- Opening Delimiter -
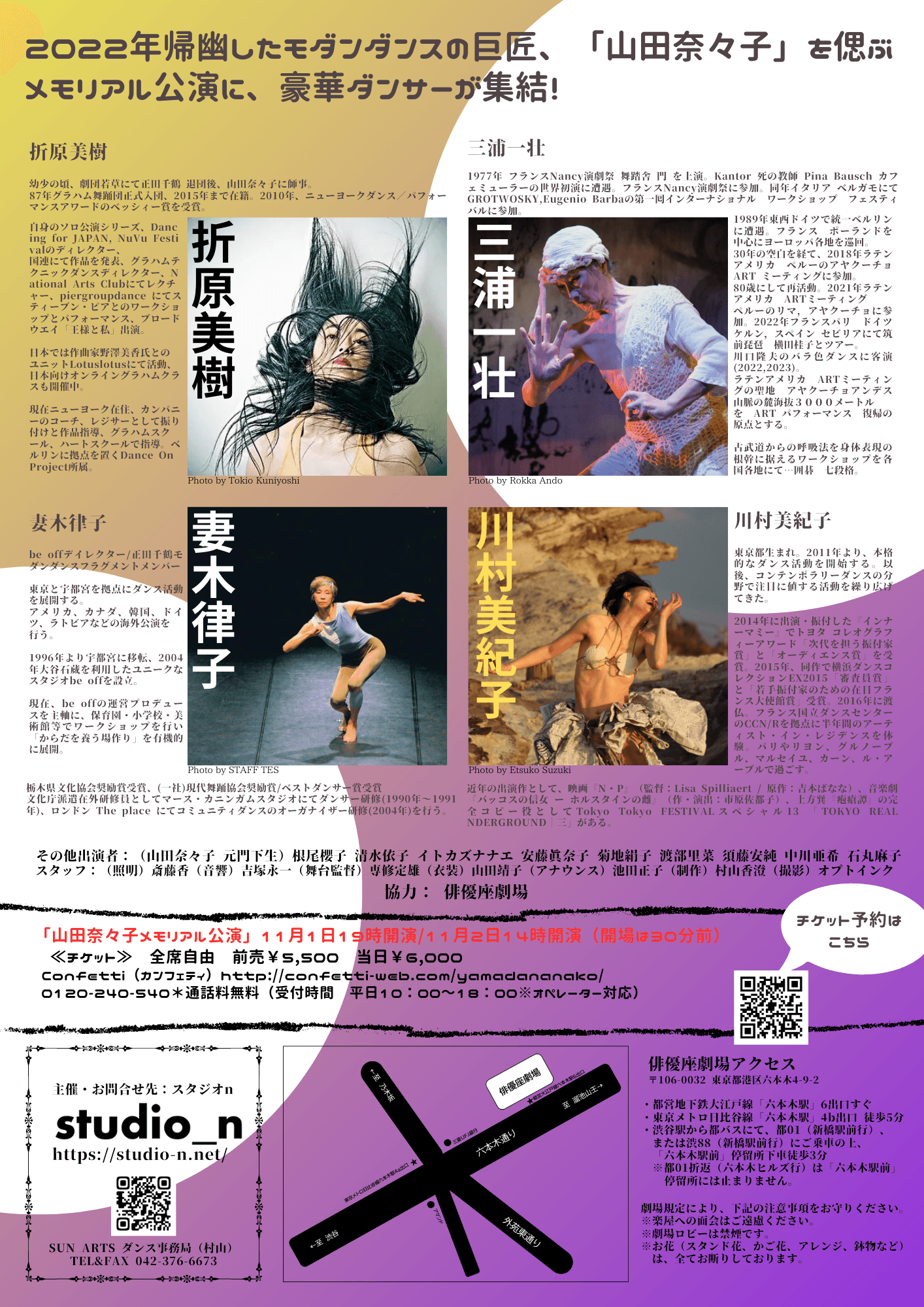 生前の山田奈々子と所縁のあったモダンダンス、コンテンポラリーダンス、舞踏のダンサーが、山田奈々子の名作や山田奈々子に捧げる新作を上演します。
- Closing Delimiter -
- Opening Delimiter -
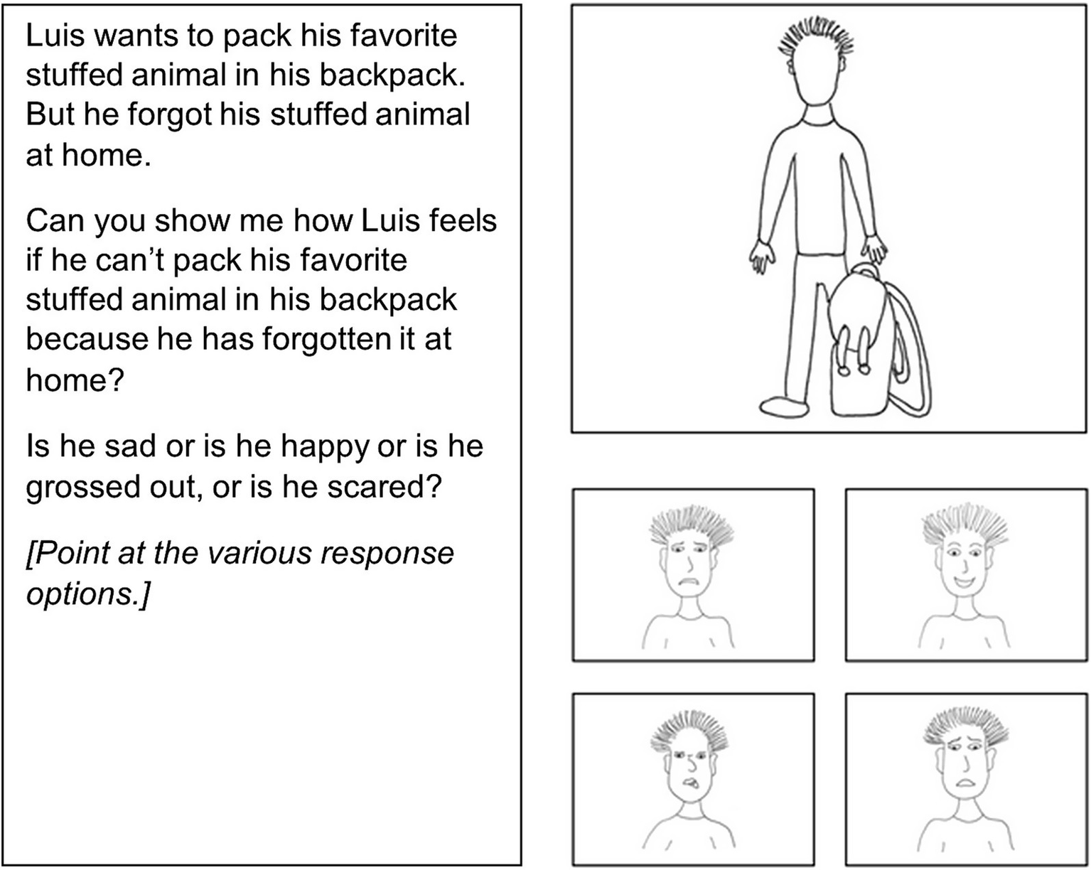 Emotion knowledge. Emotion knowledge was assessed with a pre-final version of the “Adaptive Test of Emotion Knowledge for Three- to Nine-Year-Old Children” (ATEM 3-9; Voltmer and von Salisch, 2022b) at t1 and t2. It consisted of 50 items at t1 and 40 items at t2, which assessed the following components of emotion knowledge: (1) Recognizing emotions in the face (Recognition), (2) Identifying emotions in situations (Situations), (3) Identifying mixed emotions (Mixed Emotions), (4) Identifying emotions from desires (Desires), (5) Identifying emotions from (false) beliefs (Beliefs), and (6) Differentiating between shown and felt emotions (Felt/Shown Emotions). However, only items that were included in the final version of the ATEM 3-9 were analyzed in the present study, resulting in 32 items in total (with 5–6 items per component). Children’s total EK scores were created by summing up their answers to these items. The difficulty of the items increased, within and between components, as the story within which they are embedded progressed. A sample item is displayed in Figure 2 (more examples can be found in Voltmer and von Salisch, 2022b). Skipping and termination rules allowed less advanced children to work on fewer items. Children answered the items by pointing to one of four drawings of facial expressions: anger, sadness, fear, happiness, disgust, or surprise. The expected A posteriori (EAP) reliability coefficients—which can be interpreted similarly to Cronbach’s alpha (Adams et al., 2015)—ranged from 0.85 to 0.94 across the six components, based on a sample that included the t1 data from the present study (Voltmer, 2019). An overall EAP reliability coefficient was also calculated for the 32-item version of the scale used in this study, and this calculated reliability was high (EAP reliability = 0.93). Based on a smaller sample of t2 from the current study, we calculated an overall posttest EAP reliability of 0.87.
- Closing Delimiter -
- Opening Delimiter -
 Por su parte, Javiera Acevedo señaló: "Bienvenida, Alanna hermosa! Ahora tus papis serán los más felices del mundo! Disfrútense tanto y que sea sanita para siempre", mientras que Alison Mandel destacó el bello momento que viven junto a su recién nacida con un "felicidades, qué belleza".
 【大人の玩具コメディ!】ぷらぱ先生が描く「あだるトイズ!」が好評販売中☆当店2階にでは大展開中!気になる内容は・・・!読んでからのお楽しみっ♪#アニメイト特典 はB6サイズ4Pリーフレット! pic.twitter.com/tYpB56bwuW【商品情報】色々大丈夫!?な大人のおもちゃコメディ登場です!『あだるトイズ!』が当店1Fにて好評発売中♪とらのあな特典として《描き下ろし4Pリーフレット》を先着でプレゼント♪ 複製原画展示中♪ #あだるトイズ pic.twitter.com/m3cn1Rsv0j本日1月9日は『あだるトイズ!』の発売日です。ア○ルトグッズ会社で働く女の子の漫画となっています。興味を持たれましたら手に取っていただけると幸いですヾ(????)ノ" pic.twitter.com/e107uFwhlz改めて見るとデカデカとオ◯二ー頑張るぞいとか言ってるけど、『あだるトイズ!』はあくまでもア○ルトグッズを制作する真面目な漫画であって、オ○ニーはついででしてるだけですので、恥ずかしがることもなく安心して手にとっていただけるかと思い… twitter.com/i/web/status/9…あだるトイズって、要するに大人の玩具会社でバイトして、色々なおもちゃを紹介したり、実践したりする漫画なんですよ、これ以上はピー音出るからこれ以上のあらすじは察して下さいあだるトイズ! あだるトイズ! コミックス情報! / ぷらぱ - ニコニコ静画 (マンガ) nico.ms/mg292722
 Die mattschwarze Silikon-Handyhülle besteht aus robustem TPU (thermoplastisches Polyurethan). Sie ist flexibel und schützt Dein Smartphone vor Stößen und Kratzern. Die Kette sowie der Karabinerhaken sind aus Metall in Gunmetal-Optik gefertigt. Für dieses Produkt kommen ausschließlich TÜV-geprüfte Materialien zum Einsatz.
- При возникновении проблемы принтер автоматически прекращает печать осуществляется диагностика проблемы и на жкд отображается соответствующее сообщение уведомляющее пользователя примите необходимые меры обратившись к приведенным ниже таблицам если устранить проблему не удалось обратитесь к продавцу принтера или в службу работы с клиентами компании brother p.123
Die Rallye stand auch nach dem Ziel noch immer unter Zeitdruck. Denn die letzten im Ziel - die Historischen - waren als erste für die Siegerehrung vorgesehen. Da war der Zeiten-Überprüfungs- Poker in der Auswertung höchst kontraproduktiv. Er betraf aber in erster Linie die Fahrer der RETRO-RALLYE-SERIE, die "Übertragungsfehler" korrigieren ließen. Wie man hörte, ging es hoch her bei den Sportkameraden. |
- Closing Delimiter -
TASK ITEM: An exact copy of the lines above, from the one containing "Die mattschwarze Silikon-Handyhülle" through the one containing "- При возникновении", is the whole of the answer.

COMPLETED EXERCISE:
 Die mattschwarze Silikon-Handyhülle besteht aus robustem TPU (thermoplastisches Polyurethan). Sie ist flexibel und schützt Dein Smartphone vor Stößen und Kratzern. Die Kette sowie der Karabinerhaken sind aus Metall in Gunmetal-Optik gefertigt. Für dieses Produkt kommen ausschließlich TÜV-geprüfte Materialien zum Einsatz.
- При возникновении проблемы принтер автоматически прекращает печать осуществляется диагностика проблемы и на жкд отображается соответствующее сообщение уведомляющее пользователя примите необходимые меры обратившись к приведенным ниже таблицам если устранить проблему не удалось обратитесь к продавцу принтера или в службу работы с клиентами компании brother p.123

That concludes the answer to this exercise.